If you are recording with a DI record it note by note, cut notes to length, set them up in order, and if you did your job right, no one will ....ing notice.


----------



## Drew (Aug 19, 2013)

BouhZik said:


> what's the problem? I don't care if you can't play live what you did in the record. I don't go to live show anymore, anyway.... I just want my head to bounce whatever you use in the record!
> it's 2013 right? electro music and sampling didn't happened yesterday... where is the fail in this thread? I don't see the point of those comments except sayin "I don't like it" and being rude.... you are good at playing guitar? more power to you. but your music is not better just because you can play it live or track it in one tack...

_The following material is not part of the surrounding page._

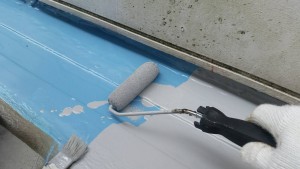 溝のあるところはシートが張れないため、トップコートをしっかり塗ります。

Oh, right, I'm sorry, I forgot we were having this conversation over on dubstep.org. My B.


----------



## GunpointMetal (Aug 19, 2013)

man, I hope none of you guys talking shit listen to deathcore or new deathmetal or djent, cause all of that shit is edited to death. I barely see a difference between this and going in and micro-fading the tails of all of your chugs, recording dry, moving everything around, then re-amping (even if you're moving whole sections/parts of riffs) or chopping every section of a song into 1-2 beat punches.....
"If you can't play all 150 measures of your track without a punch, you're not a good guitar player!" Says no-one ever....
Who cares if someone has to punch in every note as long they're not trying to pass it off as "I did this all in one take with my big swinging guitar dick!" 
Would you be talking shit if the guys punched in a piano part by hand with his mouse in the piano roll? The only time its cheating is if you try and convince people you didn't use any digital wizardry to accomplish your goal.


----------



## BouhZik (Aug 19, 2013)

@Drew:
Because sevenstring.org means I have to talk about metal and nothing else??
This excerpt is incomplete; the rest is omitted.